The Ottoman Public Debt Administration (OPDA) (, or simply  as it was popularly known), was a European-controlled organization that was established in 1881 to collect the payments which the Ottoman Empire owed to European companies in the Ottoman public debt. The OPDA became a vast, essentially independent bureaucracy within the Ottoman bureaucracy, run by the creditors and its governing council was packed with European government officials - including one representative each from British, French, German, Austrian, Italian, Dutch, and Ottoman creditors, and one representative from the Ottoman state. It employed 5,000 officials who collected taxes that were then turned over to the European creditors.
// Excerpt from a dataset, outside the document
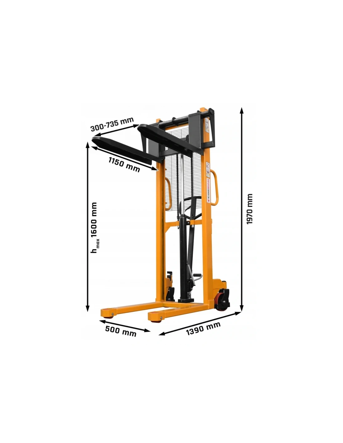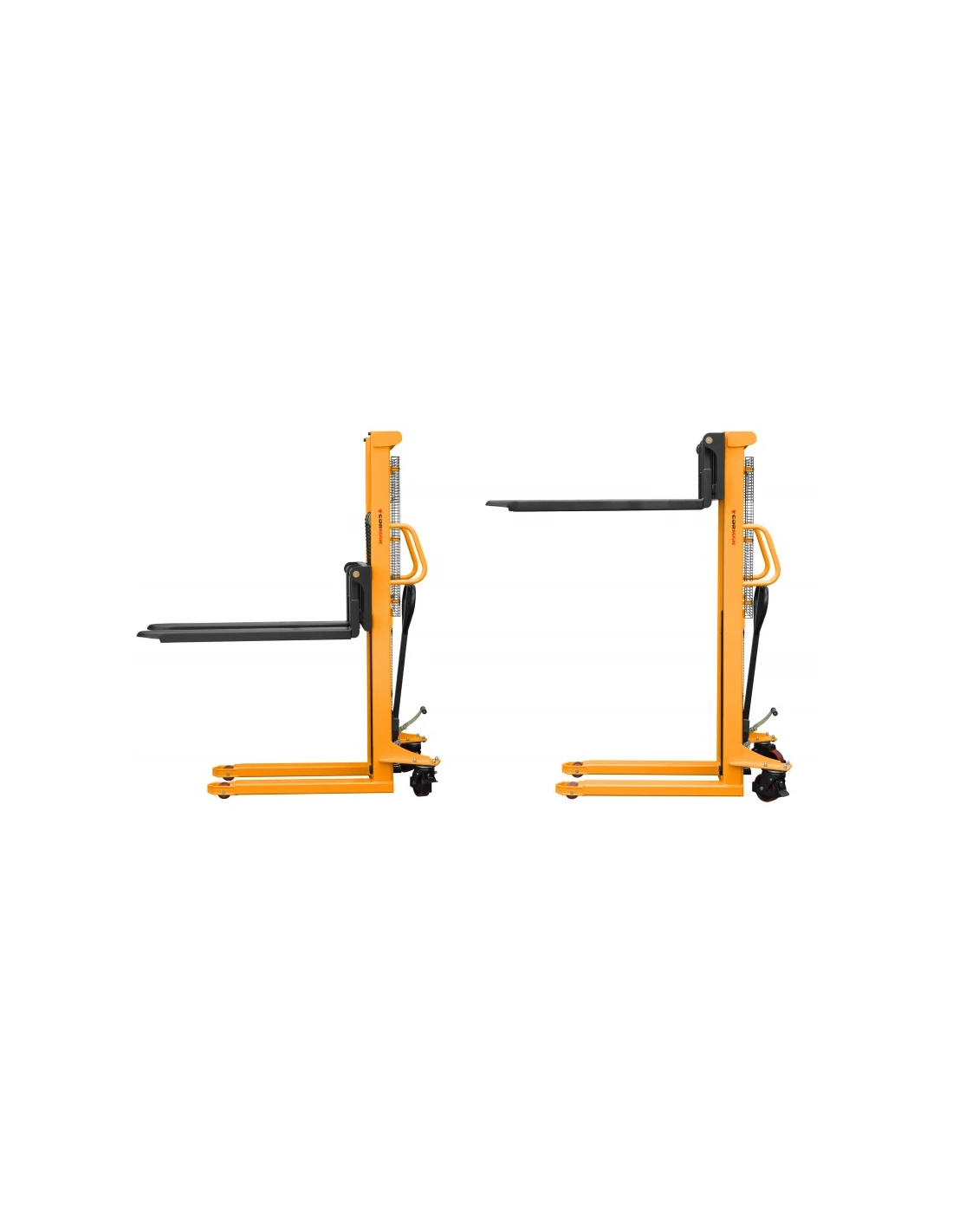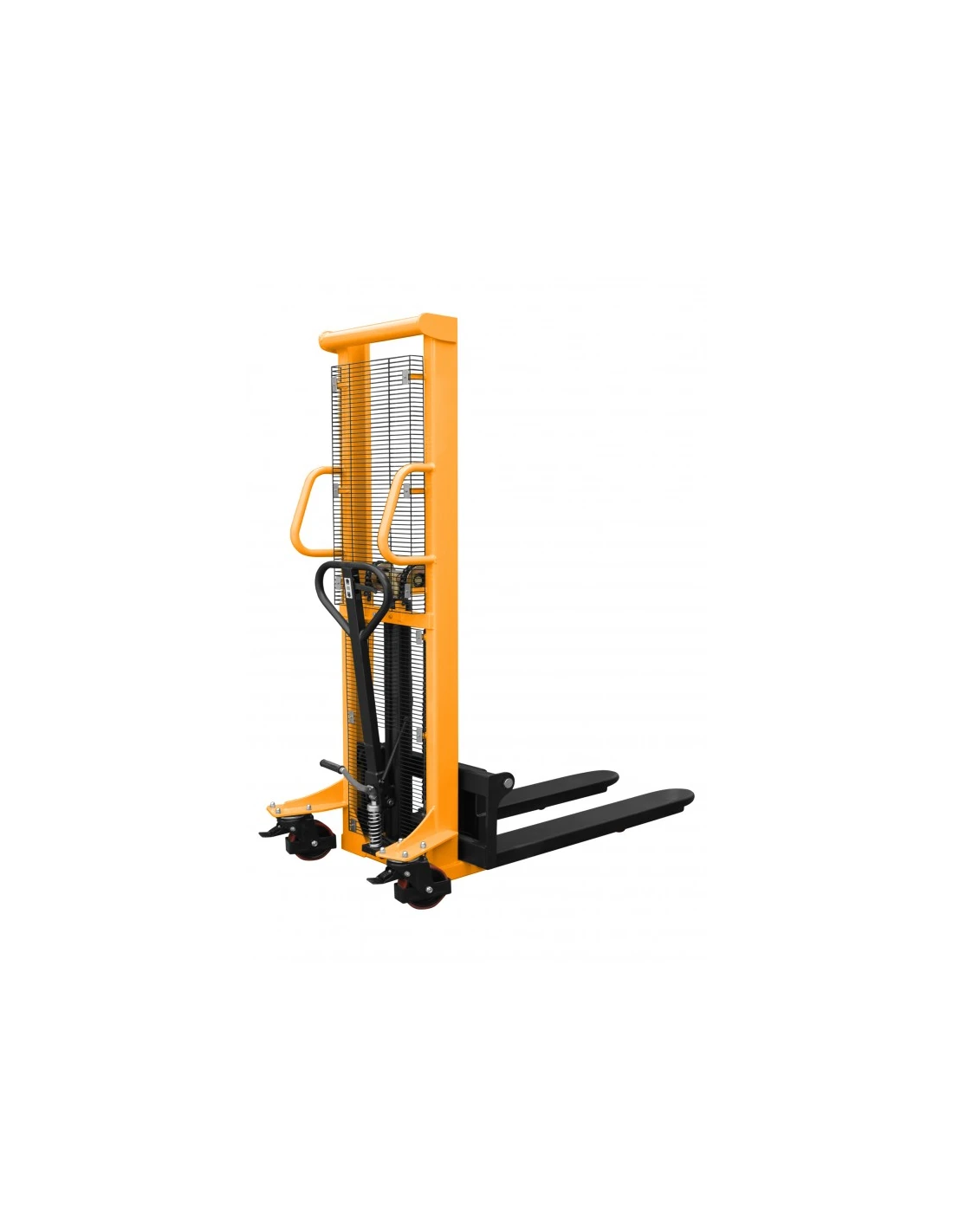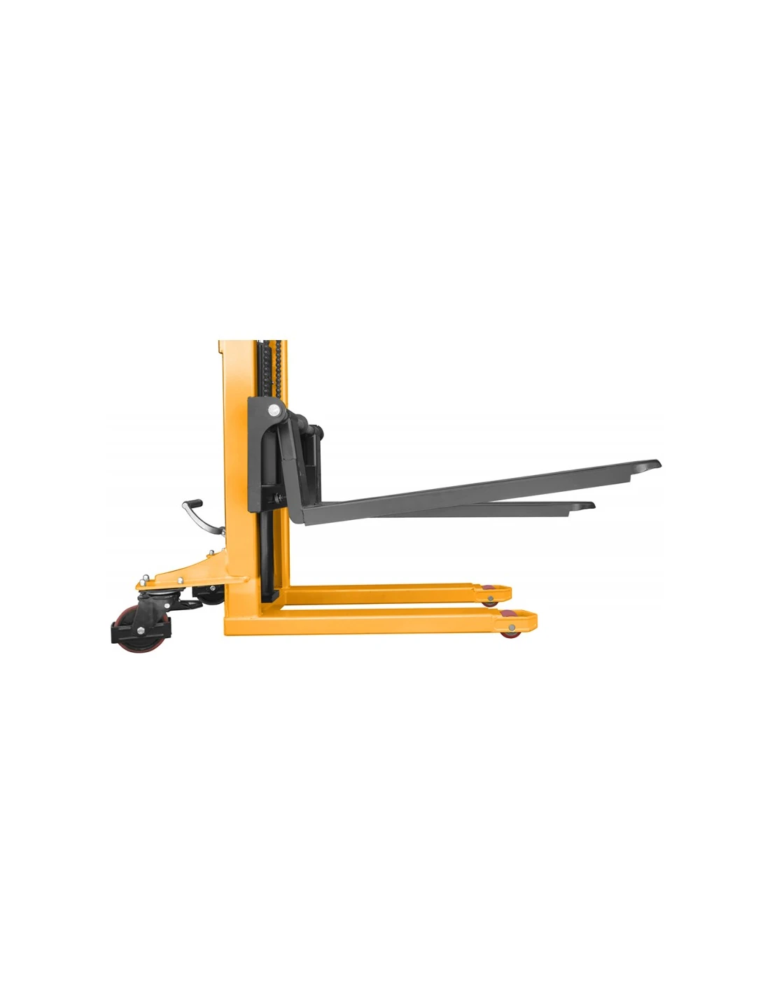 Konstrukce paletového vozíku WRHS1516 je mimořádně pevná a robustní. Je navržena tak, aby poskytovala dlouhodobou službu, a zaručuje spolehlivost a odolnost v náročných pracovních podmínkách. Polyuretanová kola a kolečka jsou odolná proti poškození a jsou vhodná pro použití na nerovném povrchu, což zajišťuje plynulý pohyb a optimální ovládání.

At its peak it had 9,000 employees, more than the empire’s finance ministry.

The OPDA played an important role in Ottoman financial affairs. Also, it was an intermediary with European companies seeking investment opportunities in the Ottoman Empire. In 1900, the OPDA was financing many railways and other industrial projects. The financial and commercial privileges of the non-Muslim foreigners were protected with the capitulations of the Ottoman Empire.

After the dissolution of the Ottoman Empire, between 1918 and 1924 Ottoman revenue stamps overprinted O.P.D.A. or A.D.P.O., or stamps printed with those inscriptions, were issued for use in Palestine, Transjordan, Syria and Lebanon.

The OPDA was established by treaty which outlined its powers. The Ottomans agreed to turn over to the OPDA a wide swath of its income sources. The OPDA was provided the State monopolies on salt and tobacco. It was afforded the taxes on stamps, alcohol, fishing, and silk. Though those taxes were afforded only in certain regions, they included the all important Istanbul region. Non-region specific taxes were also provided, notably on shops and stores, and customs duties. Should those sources of income prove insufficient, the OPDA was also empowered to a share of foreign indemnities paid to the Ottomans by various Baltic States as a result of the Treaty of Berlin. The indemnities were of little comfort to the Ottomans anyway, because the treaty had also greatly reduced the size and population of the Empire, and thus its tax base.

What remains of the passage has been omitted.